Guide to Ho Chi Minh

Guide to Ho Chi Minh (Saigon)

Ho Chi Minh is a huge city with so much to do. There are great markets, an abundance of history and of course, backpacker parties.

Unfortunately this post won’t be full of photos as usual, as I had my phone stolen when I arrived so didn’t take any photos while I was there (and had to rely on my friend’s).

Getting there

A lot of people start their Vietnam holiday by flying into here. It takes about 30 minutes to the city by taxi for about $8.

From Nha Trang, take a 10 hour bus for about $12-$18.

The dreaded overnight buses

The dreaded overnight buses


Stay in the backpacker district, as it is the cheapest for accommodation, food and going out. This is in District 1, and the main street for action is Bui Vien. A lot of hostels are situated down alleyways off this main street.

I would be cautious staying in one of these alleyways as they are subject to a lot of pick pocketing, especially if you are wandering down them after a night out or when arriving from the overnight bus. If you are taking the bus make sure you book a place that has 24 hour reception so you can leave your bags and sit in a common area before checking in.

For hostels, I would recommend Saigon Backpackers or Saigon Youth Hostel (however the latter is in an alleyway). They are under $10 a night and have very friendly staff who can assist with tours and whatever else.
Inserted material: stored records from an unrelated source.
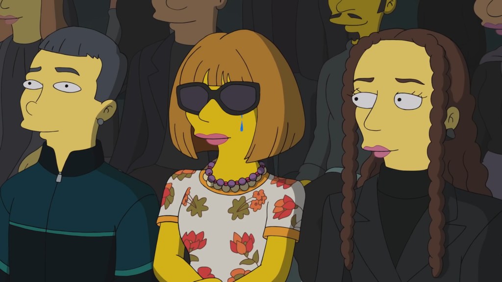 Il cartoon di Anna Wintour, seduta naturalmente in prima fila, si commuove quando Marge, che incarna tutte le donne che sognano la moda dalle loro case magari in tuta o in pigiama, chiude la passerella avvolta in un abito d’oro, e quando Marge elettrizzata per la sfilata le chiede quando sarà la prossima settimana della moda, si sente rispondere: “Darling, questa è Parigi, ogni minuto è una fashion week”.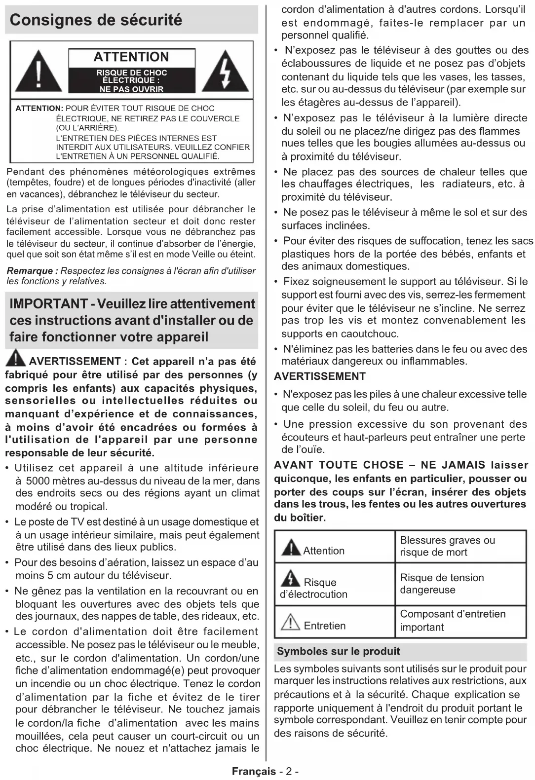 AVERTISSEMENT N'exposez pas les piles à une chaleur excessive telle que celle du soleil, du feu ou autre. Une pression excessive du son provenant des écouteurs et haut-parleurs peut entraîner une perte de l’ouïe. AVANT TOUTE CHOSE – NE JAMAIS laisser quiconque, les enfants en particulier, pousser ou porter des coups sur l’écran, insérer des objets dans les trous, les fentes ou les autres ouvertures du boîtier. Attention Blessures graves ou risque de mort Risque d’électrocution Risque de tension dangereuse Entretien Composant d’entretien important Symboles sur le produit Les symboles suivants sont utilisés sur le produit pour marquer les instructions relatives aux restrictions, aux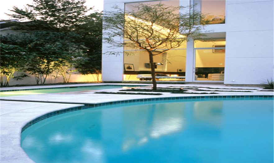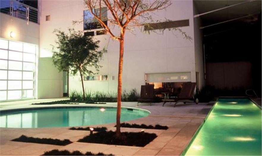 干凈、漂亮的環(huán)形休息池成為該庭院中心的焦點。其水流進鄰近的健身游泳池中,還配有噴嘴。策略性放置的照明設施和獨特的區(qū)域景觀設計塑造了該項目簡潔的現(xiàn)代化設計。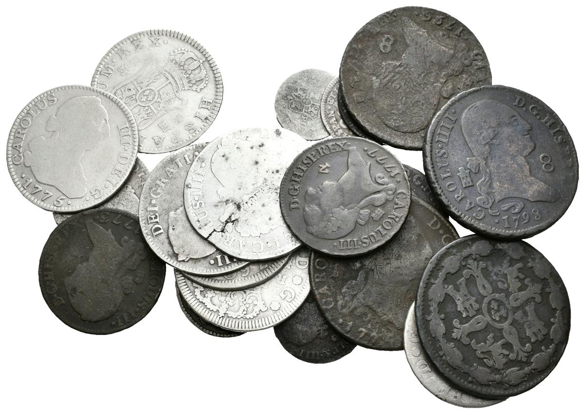 CARLOS III y CARLOS IV. Lote compuesto por 20 monedas, conteniendo variedad de fechas, valores y cecas, tanto en cobre como plata. Ar/Ae. RC/MBC-. A EXAMINAR.

If you are after a bit of luxury (I know I was after 6 weeks in dorms), stay at Bizu Hotel. It is in the main street and only $20 for a luxury private room, king size bed (which if you’ve ever backpacked is unheard of), bathroom and delicious breakfast.

What to see and do

Vietnam is full of activities and areas to explore.

1. Cu Chi Tunnels

This is about 40km northwest of the city and can be done in a half or full day trip. The tunnels are an underground community up to 250km in length that were built during the Vietnam war. You can climb through them, however due to their claustrophobic nature not many people make it the whole way. You can organise this through one of the hundreds of tour providers in the streets the day before.

2. Mekong Delta tour

This is a fantastic day tour that me and my friends really enjoyed (and for only $15). You take a 3 hour bus ride to the river and set sail on an old wooden boat down the Mekong. You can relax in the sun and take in the culture as it cruises past loads of different villages. You stop for lunch at a local restaurant and enjoy a home cooked meal. You have the option to cycle around the village and see what’s there (which is really awesome!).

Mekong Delta

Mekong Delta

You are also taken to a market that shows locals making home made deserts and crafts, where I bought a weeks supply of coconut candy!
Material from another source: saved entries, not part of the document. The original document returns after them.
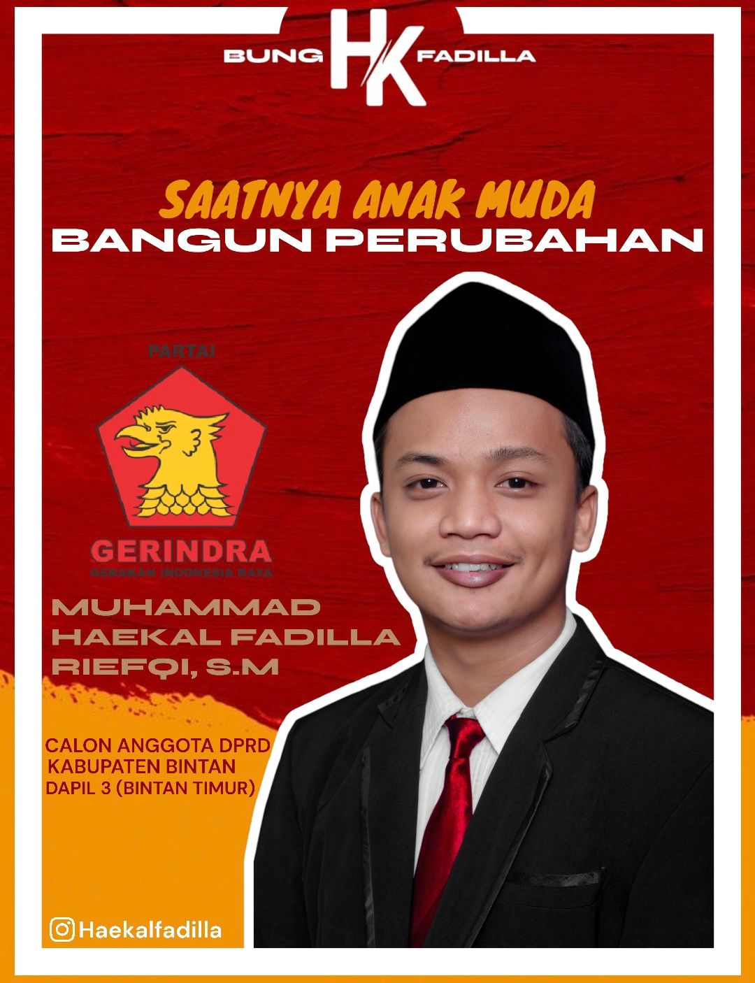 Selalu menggunakan peci setiap berpose, pemuda kelahiran Kabupaten Bintan ini memberanikan diri untuk terjun ke kancah politik. Mengawali karirnya di organisasi dan sering tampil sebagai narasumber seminar kewirausahaan. Haekal Fadilla, S.M bukan tanpa sebab, ia ingin memperjuangkan masyarakat Kabupaten Bintan terkhusus kaum marginal. Yang dimaksudkan oleh pemuda kelahiran Bintan ini, yakni pelayanan kesehatan dan pendidikan yang belum sepenuhnya dapat diakses oleh masyarakat miskin.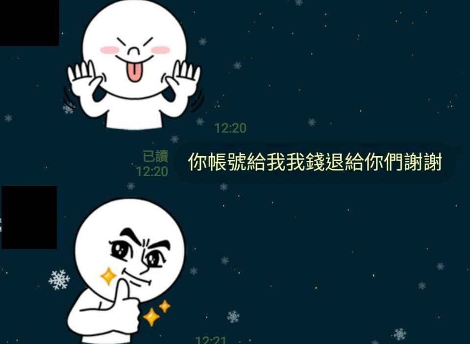 某A說「我聽到」,並附上一張饅頭人做鬼臉的圖;新郎回「你帳號給我,我錢退給你們,謝謝」;沒想到過一分鐘,某A先送上饅頭人按讚的貼圖,接著貼出銀行存摺帳號。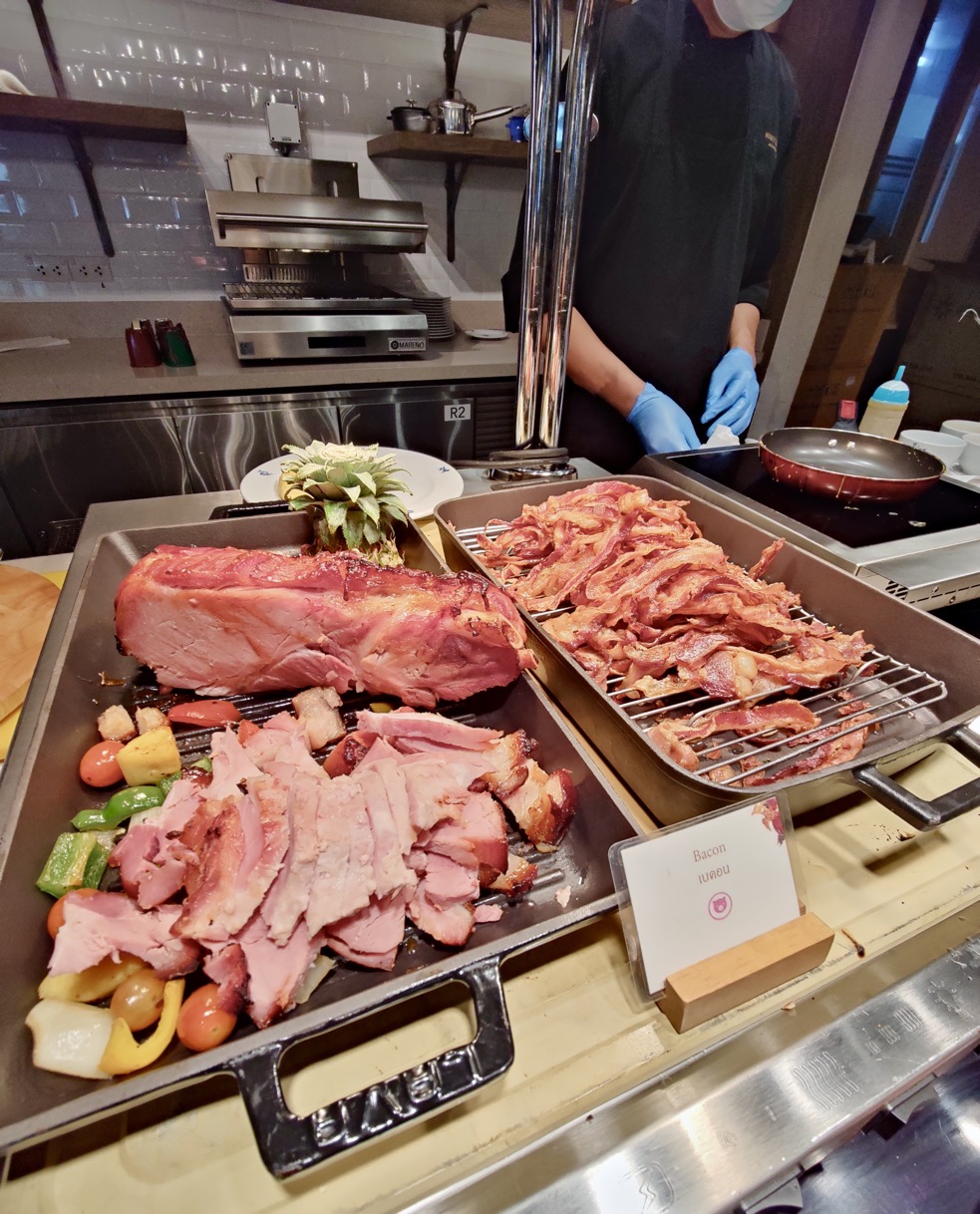 There was also cheese, fresh breads, and buns with an assortment of jams and preserves. From waffles to muffins and cakes, the breakfast selection catered to every indulgence. The hot station was where the aromatic fried rice with pork, stir-fried pork with chili, stir-fried vegetables and much more were being prepared and served.

On the way back the tides got really low and we couldn’t cruise along in the regular boat. So we hopped in these gorgeous wooden boats and got rowed home by all the locals that had rallied around to help the tour guide! Mine even let me steer the boat for a while, until we crashed into a mud bank…

3. Visit the war museum

I didn’t know a whole lot about the war before I arrived and nor do I usually have an interest in museums at all, but this was really informative and interesting. Some parts and photos were confronting, but it is a great museum and only a few dollars to enter. This is walking distance from District 1 (not by lazy standards though).

4. Wander through Ben Tanh markets

This is a short walk from the main backpacker street and has absolutely everything you could never think you would want to buy. I got a hammock (has been incredibly useful), shorts, bikinis and a whole bunch of other knick knacks that I swear I don’t regret buying… It’s dirt cheap and humongous, so allow a few hours to get lost!

5. Get lost in the city

I spent a whole afternoon wandering down the river and weaving through the alleyways, and found all sorts of intriguing people, scenes and shops. This is a great way to just observe what goes on in the crazy city.



The backpacker nightlife is really interesting, in that there aren’t the signature bars filled with young travelers like every other Vietnamese town; instead there are cafes. On the main street a lot of the cafes turn into bars by 9pm and they set up plastic red stools that quickly sprawl onto the street with backpackers as the night progresses. This seems to be where everyone gathers and is a cheap night out.

How long to stay

I would recommend allowing four full days to discover all the city has to offer. There are a lot of day trips which consume the whole day and you also want time to explore the streets and local markets.